The most studied recombinant formats include tandem scFv, minibodies (using ‘knob into hole’ CH3 domains engineered to decrease homodimerization) or bispecific diabodies (Figure 2). The very compact structure of diabodies gives them attractive properties such as good tumour penetration, expression and solubility as well as enhanced stability. Although several preclinical studies have shown the efficiency of these molecules, no clinical trials have yet been reported (Fischer and Leger, 2007). Another format is the single-chain diabody where the two chains of the fragment are linked via an additional linker, thereby combining all domains in a single polypeptide (Figure 2). Several preclinical studies have demonstrated the potency of this format (Muller and Kontermann, 2007). All the described recombinant bsAbs rely on the use of flexible peptide linkers and although these linkers have obvious advantages in terms of antibody engineering, they also have some disadvantages due to their foreign nature, which leads to an unwanted immune response. Furthermore, their flexible nature makes linkers prone to proteolytic cleavage in serum, potentially leading to production issues, poor antibody stability, aggregation and increased immunogenicity (Fischer and Leger, 2007). dAbs can overcome these limitations as they do not require the use of two separate variable domains. Our laboratory has recently developed a format obtained by the direct fusion of two different llama dAbs to human CH1 and Cκ constant domains (Figure 2). The resulting linker-free molecule closely resembles a human Fab fragment but is capable of simultaneously binding to two different antigens, such as a tumour marker [e.g. carcinoembryonic antigen, (Baty et al., 2006)] and an activating receptor [e.g.

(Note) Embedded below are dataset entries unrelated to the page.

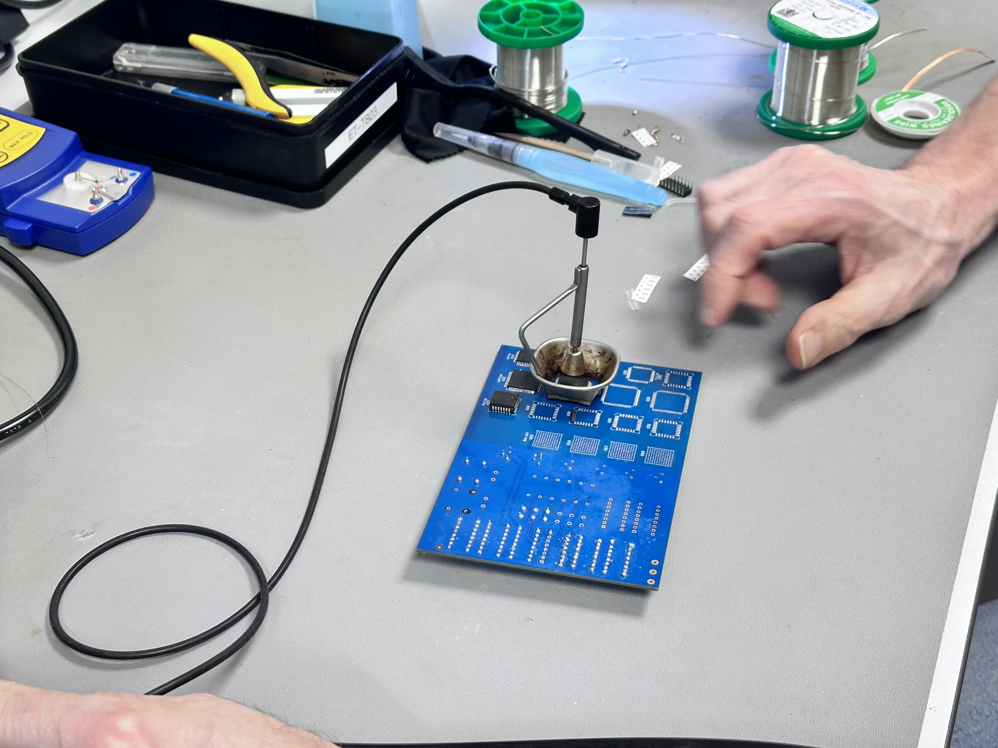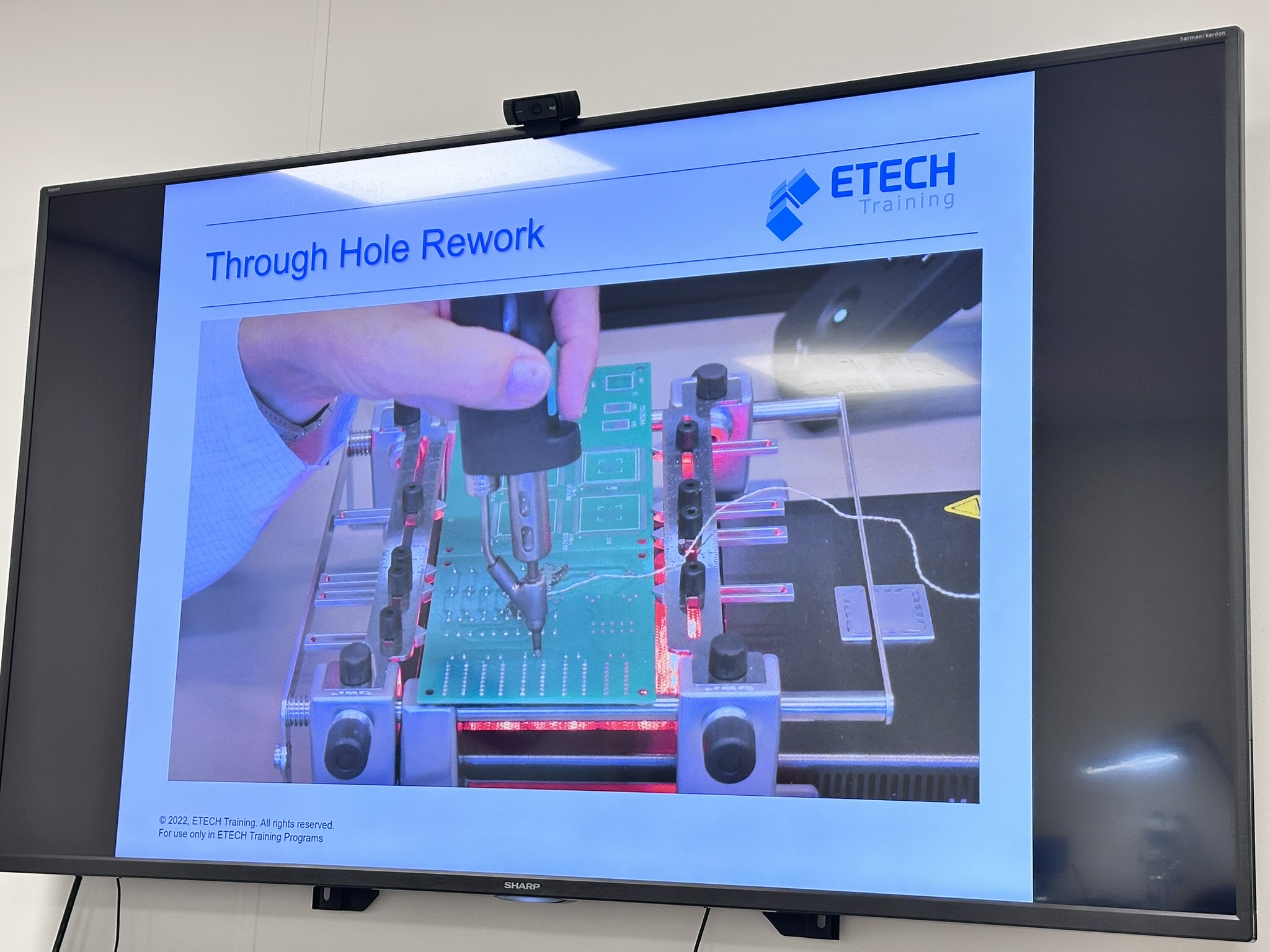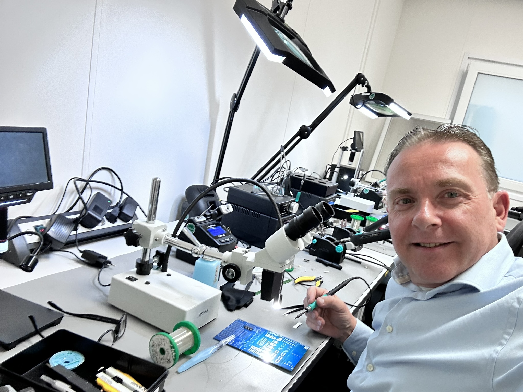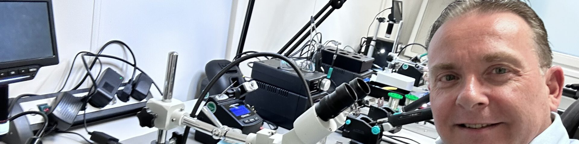 De trainingsruimte bij Etech is goed ingericht. Iedere werkplek heeft een ESD-tafelmat, polsbandje, een eigen JBC-soldeerstation, stereomicroscoop en een Tomlov digitale microscoop met scherm. Goed verlicht, ruim opgezet, alles binnen handbereik.
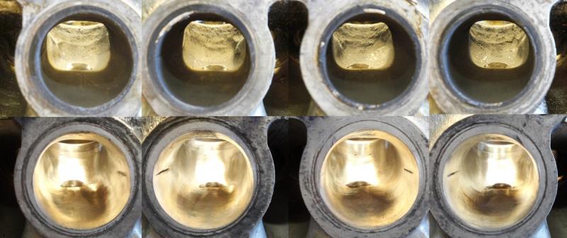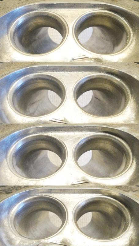 Yep, two chambers have cracks between the spark plug boss and exhaust valve. Shitty casting. The two that have the crack have less distance between the two.
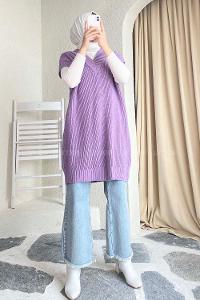 Lamelif Dilvin Bisiklet Yaka Kol Ortası Droplu Kazak Bordo
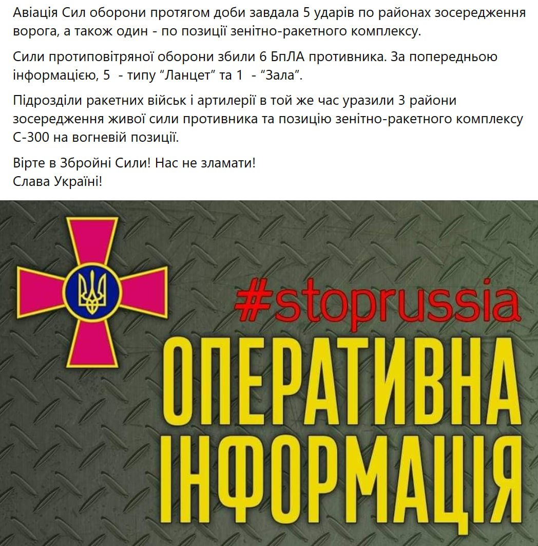 - В течение суток противник нанес 10 ракетных и 29 авиационных ударов (Украина нанесла пять авиаударов). Угроза дальнейших ракетных ударов остается очень высокой по всей территории Украины.
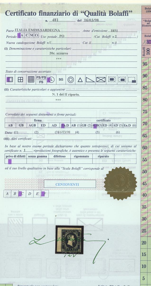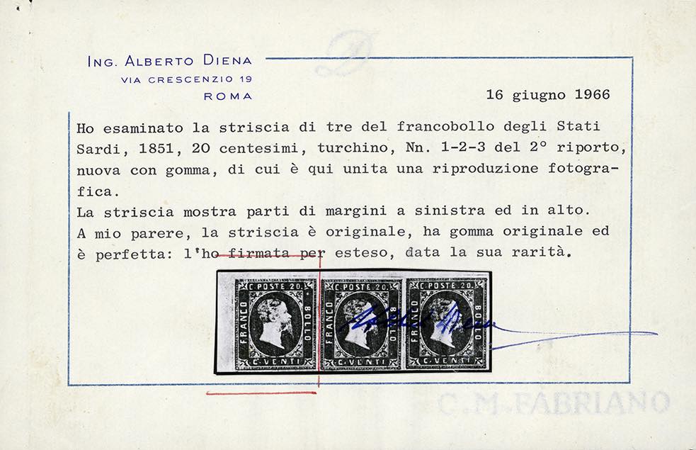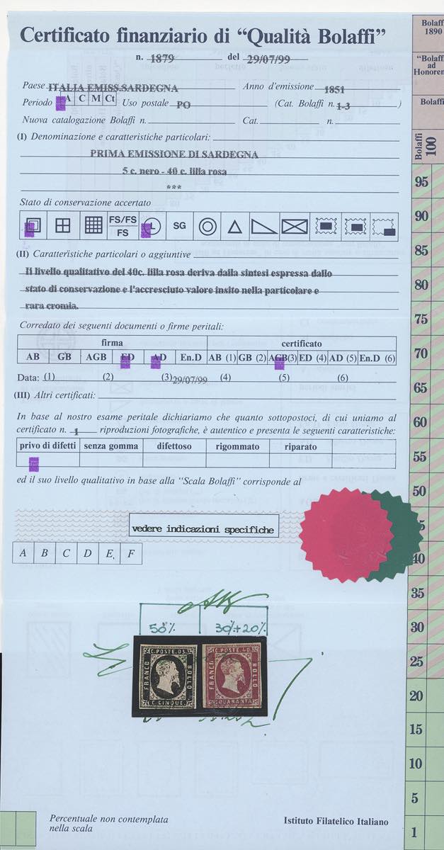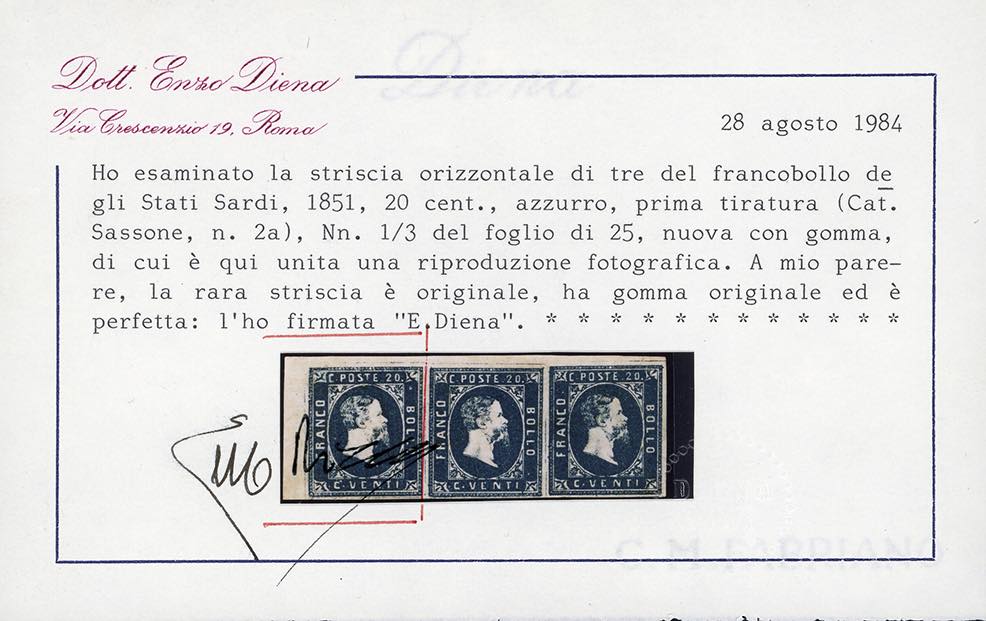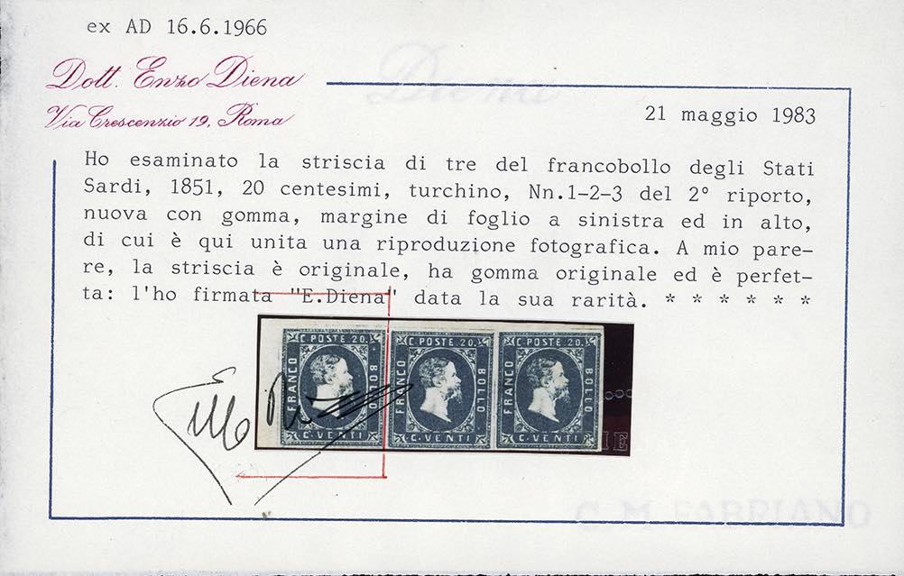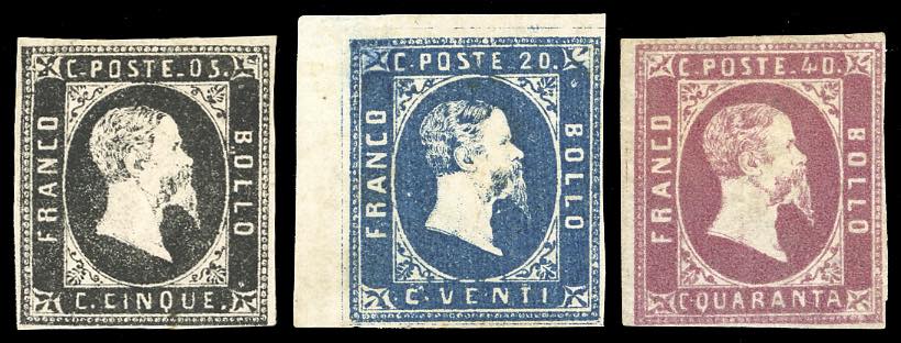 1851 - Prima emissione, serie completa (1/3), nuovi, gomma originale, perfetti. Il 20 cent., angolo di foglio, è eccezionale; il 40 cent. è dell'interessante tinta lilla rosa (3c). Insieme estremamente raro, di ottima qualità complessiva. Cert. finanziario Bolaffi per tutti, il 5 cent. firmato Colla, il 20 cent. cert. Alberto ed Enzo Diena, il 40 cent. firmato Emilio ed Alberto Diena, Colla e Fiecchi.
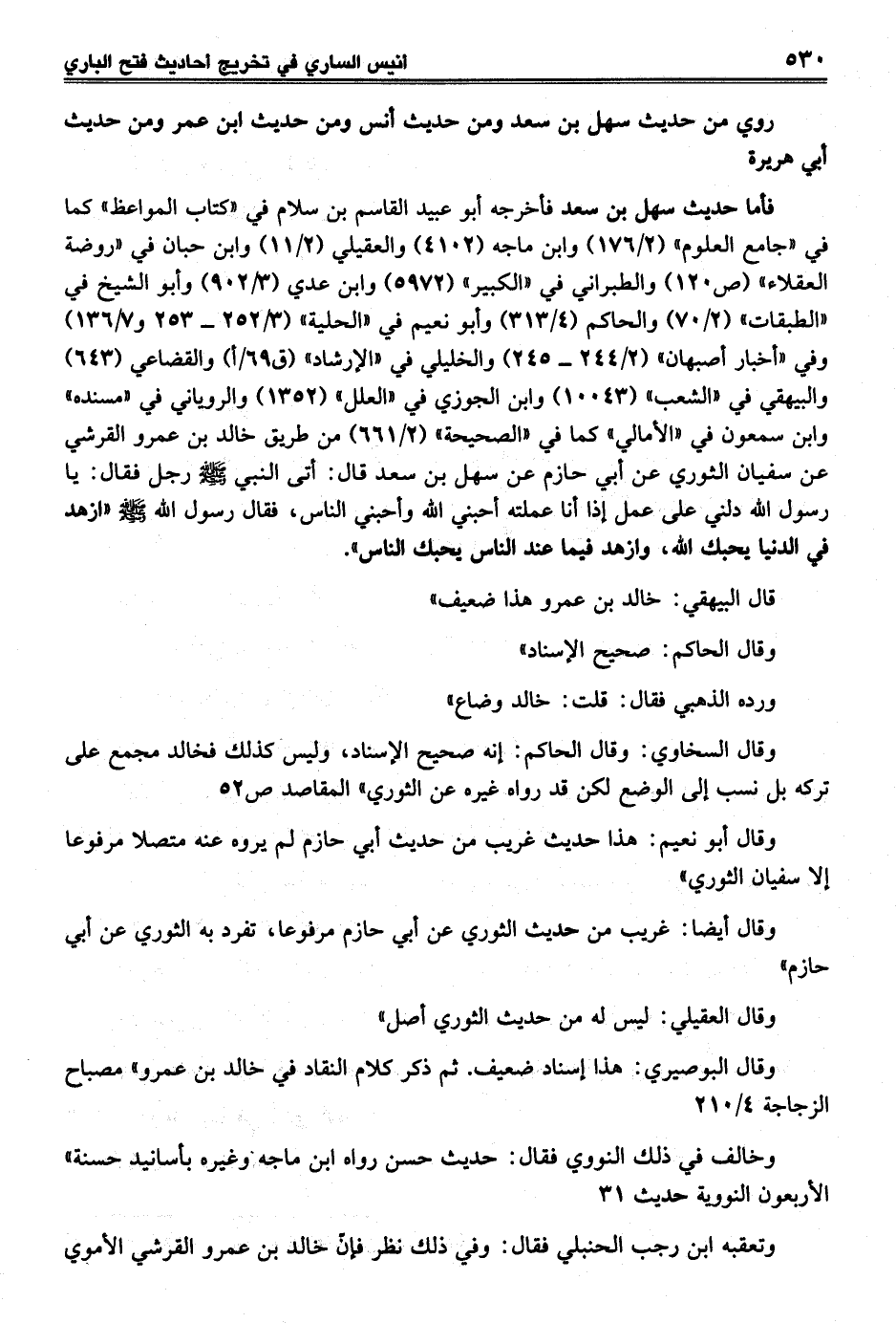 روي من حديث سهل بن سعد ومن حديث أنس ومن حديث ابن عمر ومن حديث أبى هريرة فأما حديث سهل بن سعد فأخرجه أبو عبيد القاسم بن سلام في "كتاب المواعظ" كما في "جامع العلوم" (2/ 176) وابن ماجه (4102) والعقيلي (2/ 11) وابن حبان في "روضة العقلاء" (ص 120) والطبراني في "الكبير" (5972) وابن عدي (3/ 902) وأبو الشيخ في "الطبقات" (2/ 70) والحاكم (4/ 313) وأبو نعيم في "الحلية" (3/ 252 - 253 و7/ 136) وفي "أخبار أصبهان" (2/ 244 - 245) والخليلي في "الإرشاد" (ق 69/أ) والقضاعي (643) والبيهقي في "الشعب" (10043) وابن الجوزي في "العلل" (1352) والروياني في "مسنده" وابن سمعون في "الأمالي" كما في "الصحيحة" (2/ 661) من طريق خالد بن عمرو القرشي عن سفيان الثوري عن أبي حازم عن سهل بن سعد قال: أتى النبي - صلى الله عليه وسلم - رجل فقال: يا رسول الله دلني على عمل إذا أنا عملته أحبني الله وأحبني الناس، فقال رسول الله - صلى الله عليه وسلم - "ازهد في الدنيا يحبك الله، وازهد فيما عند الناس يحبك الناس".
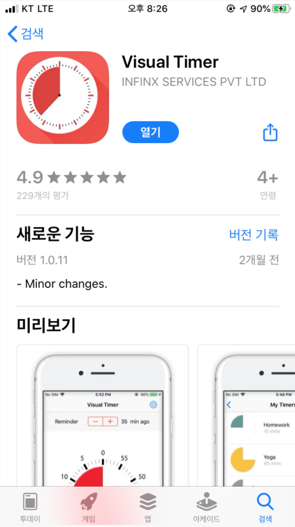 플레이스토어 "Visual Timer" 앱 앱스토어와 플레이스토어에 각각 "Visual Timer"라는 이름의 앱이 있습니다. 제 메인 스마트폰이 아이폰이라서 아이폰을 위주로 해서 설명드리겠습니다.
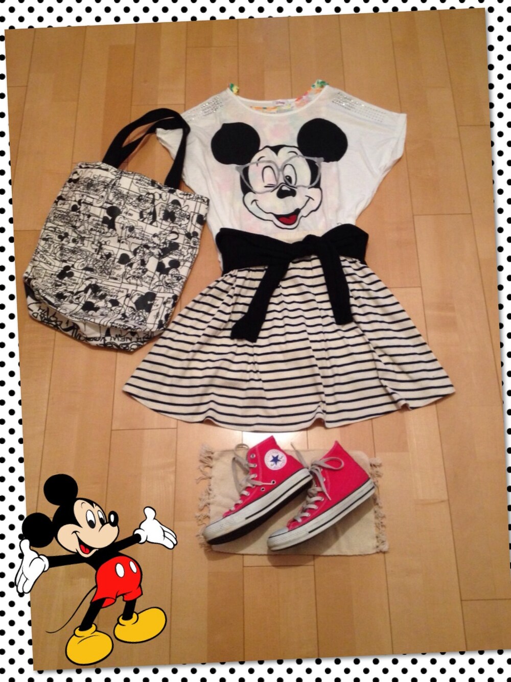 ☺︎トップス:ブランド不明 ☺︎スニーカー:コンバース ☺︎トートバッグ:フランフラン #disney
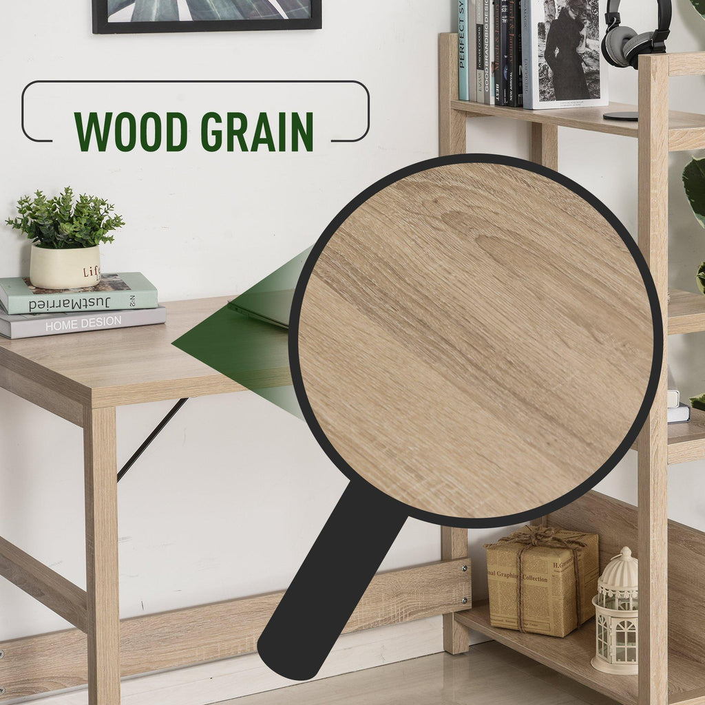 Schreibtisch kombiniert mit Bücherregal von , mit Holzmaserung, schlichten Beinen, modern, passt perfekt in die Einrichtung Ihres Zimmers, Arbeitszimmers oder Büros. Der große Schreibtisch und die Seitenablage bieten ausreichend Platz für eine geordnete Aufbewahrung. Verstärkter Rahmen für zusätzliche Festigkeit. Richten Sie zusammen mit Ihr Zimmer, Ihr Büro oder Ihr Atelier elegant ein!

CD16a (Behar et al., 2008)]. This new format and a bivalent bispecific derivative are currently being evaluated as a NK cell retargeting agent (see below).

Bispecific antibodies have been used in various ways, the most exciting application being the possibility to simultaneously retarget effector cells of the immune system and stimulate them through the interaction with an activating receptor in order to achieve an efficient lysis of tumour cells. Effector cells include T-cells, activated via CD3, or NK cells, neutrophils and macrophages activated via FcγRIIIa,b and FcγRIIa (Fischer and Leger, 2007; Muller and Kontermann, 2007). T-cells have several advantages as they represent the majority of lymphocytes. They are also known to be very motile, and infiltration of T-cells inside tumours has been frequently described. The major drawback of T-cell-based therapy is the requirement for co-signalling through interaction between CD28 and ligands such as B7 for full activation. Consequently, most studies are using either pre-activated T-cells in ex vivo settings, or a combination therapy using a bsAb together with an anti-CD28 mAb. The only exception to this rule is the bispecific T-cell engager format from Micromet AG (Munich, Germany) (Wolf et al., 2005). These molecules are made by the fusion of an anti-CD3 scFv with a tumour-specific scFv such as an anti-CD19 via a short peptide linker (five amino acids). They are capable of retargeting patients T-cells and lead to potent lysis in the absence of co-stimulation. Although not clearly demonstrated, the short distance between the two binding sites of these bispecific molecules might lead to a very efficient establishment of lytic synapses, bypassing the need for CD28 activation (Wolf et al., 2005). One of these molecules, MT103 is giving very encouraging results in clinical trials, including complete remissions, for the treatment of non-Hodgkin's lymphoma. Another bispecific T-cell engager format, MT110 (anti-CD3 x anti-EpCAM) is also being tested at the moment against colorectal cancers (Amann et al., 2008).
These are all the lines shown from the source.